Compilation principle learning introduction
Why do the university courses open compilation principles? This course is concerned about the principle and technical issues of compiler. It seems that the computer's basic field is not in the side, but the principle of compilation has been a compulsory course of the University undergraduate, and it has become a must-have for graduate entrance examination. Compilation principles and technologies are essentially an algorithm problem. Of course, because this problem is very complex, its solution algorithm is relatively complicated. Our data structure and algorithm analysis is also the algorithm, but the basic algorithm, in order to say that the algorithm is introduced, and the principle of compilation This course is to compare the algorithm. In the 1950s, the compiler has been considered a very difficult thing, and the first Fortran compiler is said to have taken 18 years. While people try to write compilers, many theoretical and technologies related to compilation are born, and these theories and technologies are more worth more than one actual compiler. Just like mathematicians to solve the famous Gotbach guess, although there is no final solving problem, there is a lot of books of many famous families.
Recommended reference book
Although the compilation theory has developed to today, there has been a more mature part, but as a college student, it is still too difficult to write a compiler like Turboc C, Java. Not only written compilers, this course is also difficult to learn compilation.
It is because of compilation principles to learn relatively difficult, then there are good teachers and good textbooks.

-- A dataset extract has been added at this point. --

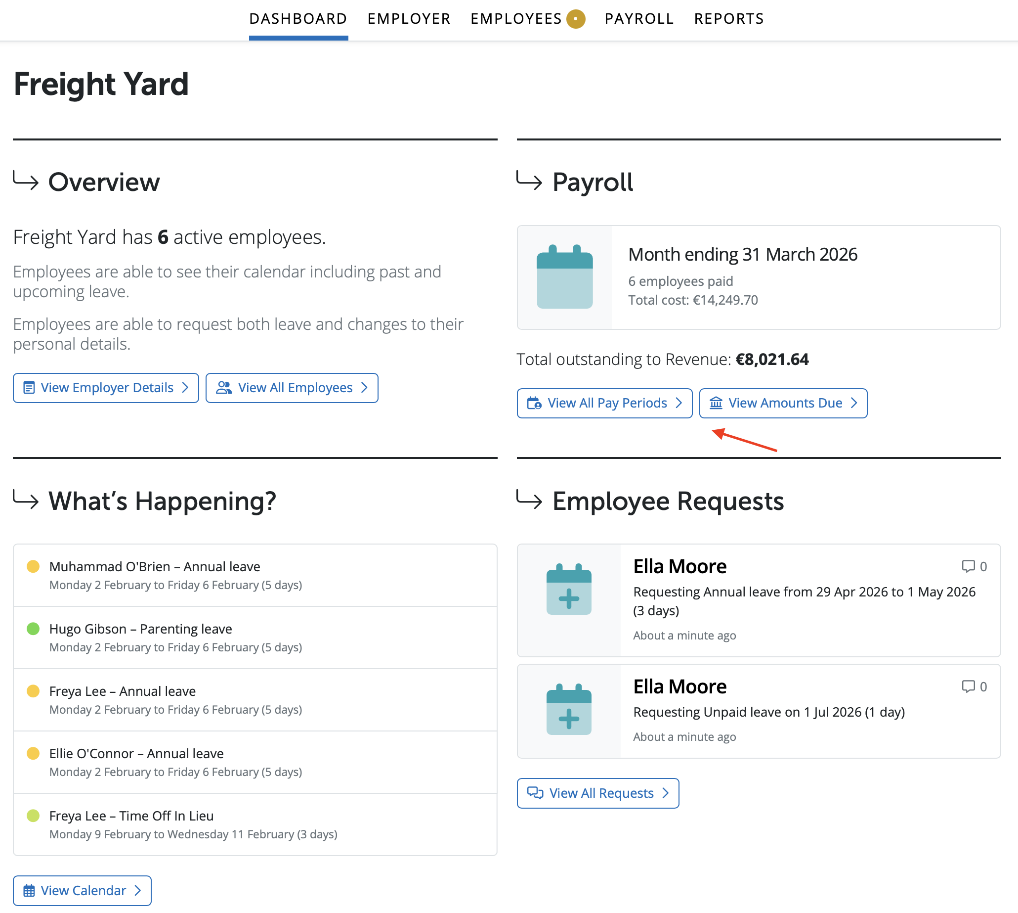 Under the Payroll area the options for 'View Amounts Due' or 'View All Pay Periods' can be accessed by the shortcut or by selecting the Payroll tab at the top. This will bring the user to the Payroll area where the user can view finalised pay periods, view payroll summary report and payslips and access the Due to Revenue where amounts due to Revenue are displayed.

Teachers are not what we can change, but we can read it in our own wishes. I recommend a few good compilation textbooks. The books I recommend are classic textbooks in foreign countries, because in the domestic textbooks, I really haven't found satisfactory.

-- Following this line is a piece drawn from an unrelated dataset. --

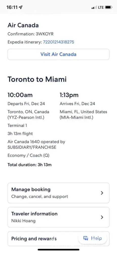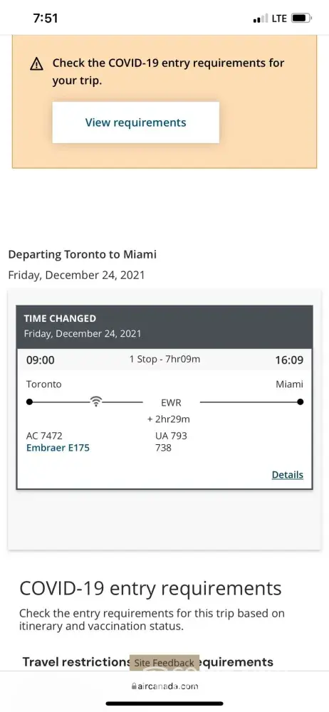 My friend purchased a direct (3 hour) ticket for me from Expedia to fly on Dec 24, 2021, to Miami on Air Canada flight 1640 from Toronto at 10am arriving in Miami at 1:3pm, and got a notification telling me the direct flight was cancelled and I was put on a connecting from Toronto to Newark to Miami which would take (7hrs).
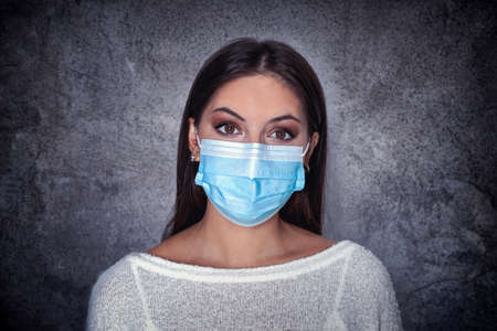 Girl in medical facemask. Masked woman looks at camera, concept for flu, virus, respiratory disease, quarantine. Beautiful caucasian young woman with disposable face mask

The first book is called "Compilers Principles, Techniques, And Tools", and another loud name is the dragon book. The reason is that there is a red dragon on the cover of this book, but also because this book is really too famous in the basic field of compilation, so many foreign scholars are directly named Dragon Book. Recently, the Machinery Industry Press has published the Chinese version of this book, name is called "Compilation Principle". The book is more early, probably completed in 85 or 86, one of the authors is also a famous Bell Lab scientist. The core compilation principle inside the inside has not changed, so it has been to today, its value is extraordinary. The biggest feature of this book is that through an actual small example, put the rough content of the compilation principle, so that many of the compilation principles have a very fast, and know why there will be these theories, how Use these theories. And this is what I feel the lack of domestic textbooks. Therefore, the domestic textbook is not writer who is willing to self-study. In short, it is half a day, but I don't know what is used inside.

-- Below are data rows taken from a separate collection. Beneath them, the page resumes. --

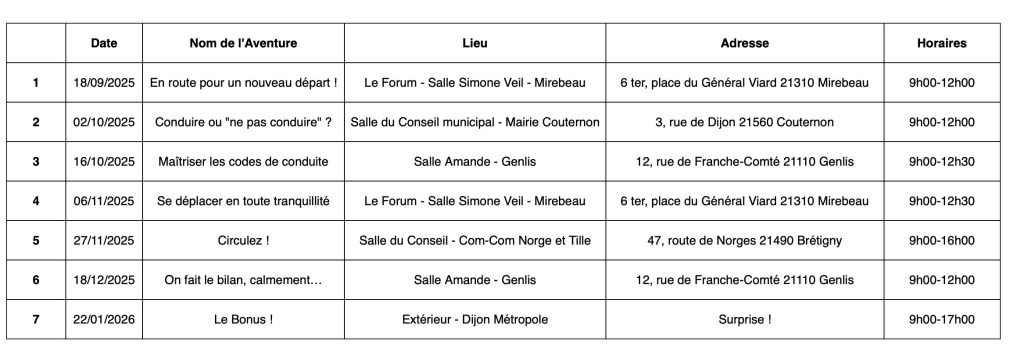 La Communauté de Communes, via Créativ’21 et Malakoff Humanis, propose aux personnes retraitées autonomes, un programme gratuit, se déroulant sur 7 séances entre le 18 septembre 2025 et le 22 janvier 2026 et dont le but est de promouvoir une mobilité sécurisée et respectueuse de l’environnement.
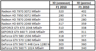 После разгона GeForce GTX 660 Ti 2048 Мбайт заняла четвертую строчку, отстав только от Radeon HD 7970 3072 Мбайт, Radeon HD 7950 3072 Мбайт и GeForce GTX 670 2048 Мбайт.
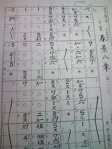 Tablature can be written in traditional Japanese vertical right-to-left notation, or it can be written in more modern horizontal left-to-right notation, which resembles modern guitar tablature. In traditional vertical notation, Chinese characters and older symbols for dynamics are used, however notation from Western style music notation, such as Italian names for dynamics, time signature and the fermata have been imported. What tuning a work calls for is usually indicated on the tablature.

The second book is originally called "Modern Compiler Design", Chinese name is "Modern Compile Program Design". The book is from the People's Posts and Telecommunications Press. This book is more concerned about the practice of compilation principles, and a lot of actual program code is given in the book, and there are many actual compilation technical issues, etc. Another feature of this book is its "modern". In traditional compilation principles, you can't see algorithms such as "garbage collection" in Java. Because Java's explanation executive language is only popular in recent years. If you want to learn the theoretical knowledge of compilation principles, then you must see the previous dragon book, if you want to do an advanced compiler yourself, then you have to see this "modern compilation program design".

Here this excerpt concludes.